The following code is miscompiled by the current clang trunk and clang 3.3 at -Os and above on x86_64-linux-gnu in both 32-bit and 64-bit modes. It also affects clang 3.2 at -Os (but neither -O2 nor -O3). This is a regression from clang 3.1. $ clang-trunk -v clang version 3.4 (trunk 195148) Target: x86_64-unknown-linux-gnu Thread model: posix Found candidate GCC installation: /usr/lib/gcc/x86_64-linux-gnu/4.4 Found candidate GCC installation: /usr/lib/gcc/x86_64-linux-gnu/4.4.6 Found candidate GCC installation: /usr/lib/gcc/x86_64-linux-gnu/4.4.7 Found candidate GCC installation: /usr/lib/gcc/x86_64-linux-gnu/4.6 Found candidate GCC installation: /usr/lib/gcc/x86_64-linux-gnu/4.6.3 Selected GCC installation: /usr/lib/gcc/x86_64-linux-gnu/4.6 $ $ $ clang-trunk -O1 small.c; a.out 0 $ clang-3.1 -Os small.c; a.out 0 $ $ clang-trunk -Os small.c; a.out 512 $ clang-3.3 -Os small.c; a.out 512 $ clang-3.2 -Os small.c; a.out 512 $ ------------------------------------ int printf (const char *, ...); int a, b, c, d; char e; void foo () { a = 0; } int main () { unsigned char f; for (; b < 1; b++) for (e = 1; e >= 0; e--) { d = 0; if (a) break; f = 179 * e; c = f << 1; foo (); } printf ("%d\n", c); return 0; }
-O2 is the same thing as -Os according to the output of: $ opt -Os -debug-pass=Arguments -S < /dev/null 2> os $ opt -O2 -debug-pass=Arguments -S < /dev/null 2> o2 $ diff os o2 Here are the optimization passes added by -O2 vs -O1: $ diff o1 o2 29c29 < always-inline --- > inline 58a59,60 > gvn > memdep 73a76,86 > barrier > domtree > loops > loop-simplify > lcssa > scalar-evolution > loop-simplify > lcssa > loop-vectorize > instcombine > simplifycfg 74a88,89 > globaldce > constmerge The output is correct with -O2 -fno-vectorize, so we need to see how the IR changes with loop-vectorize.

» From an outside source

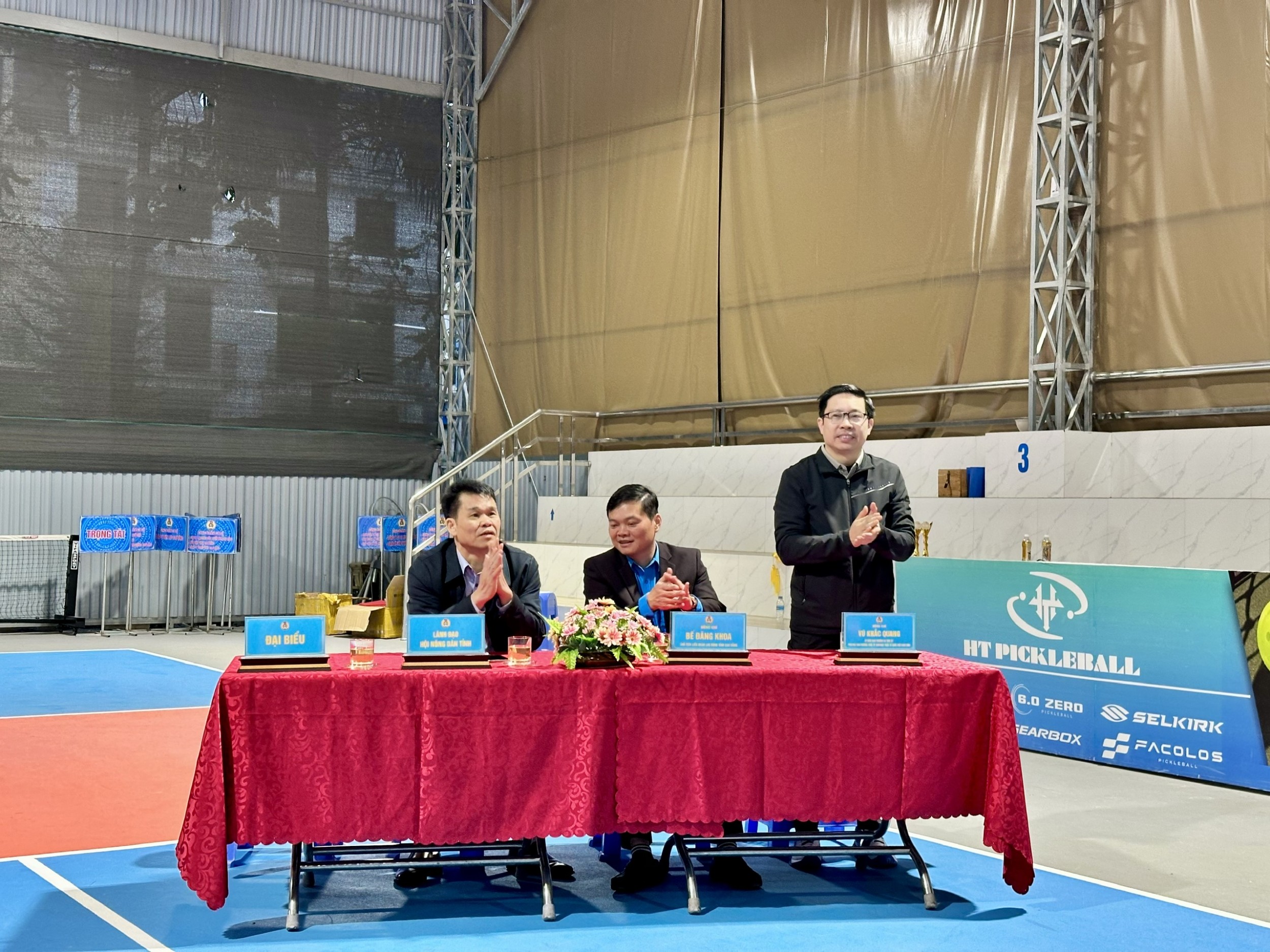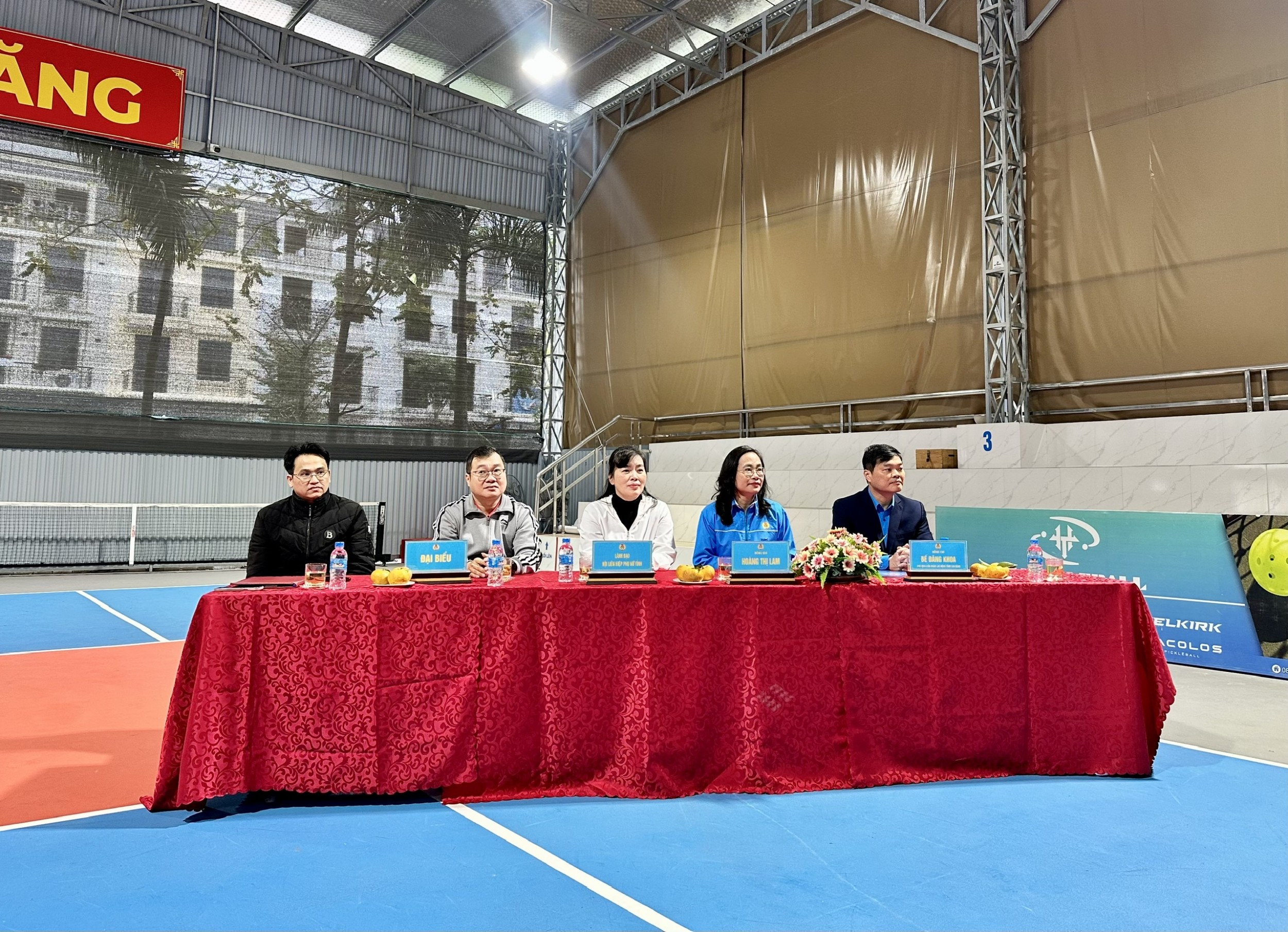 Các đồng chí lãnh đạo dự tại nội dung Khai mạc Giải Pickleball công nhân, viên chức, lao động năm 2025

Oops...no-vectorize doesn't make any difference. The bug is somewhere else.
Created attachment 11722 [details] bugpoint reduced test case To reproduce the problem: opt bugpoint-passinput.bc -instcombine > bugpoint-passinput.out.bc llc bugpoint-passinput.out.bc clang bugpoint-passinput.out.s ./a.out 512 clang bugpoint-passinput.bc ./a.out 0 clang bugpoint-passinput.out.bc ./a.out 0 (thus why I think it is a backend bug: compiling the optimized IR at -O0 is ok)
Looks like maybe an LSR bug: $ clang t.c -O3 -mllvm -disable-lsr && ./a.out 0
Created attachment 11786 [details] Fix without test-cases Issue is in ScalarEvolution. For next expressions (all the numbers are i32): A = 258 + (-258) B = A and 510 It replaces A & 510 with "zext (trunc A to i9) to i32". Since A is a sum, it applies zext(trunc) to its operands. As you can see this is wrong for -258, since it is 10 bit value (9 bits + sign bit). Possible fixes is to add "-" operation for SCEV and keep all constants positive. But IMHO it a bit ridiculous. Also we can We need to take into account negative numbers somehow. I propose just use i10 for zext(trunc()) operation instead of i9. See my fix as example. Test case and full featured patch is coming. P.S.: Currently it brakes some tests the checks expressions zext(trunc()) expressions. Though there is nothing special, since inner integer type becomes one bit wider.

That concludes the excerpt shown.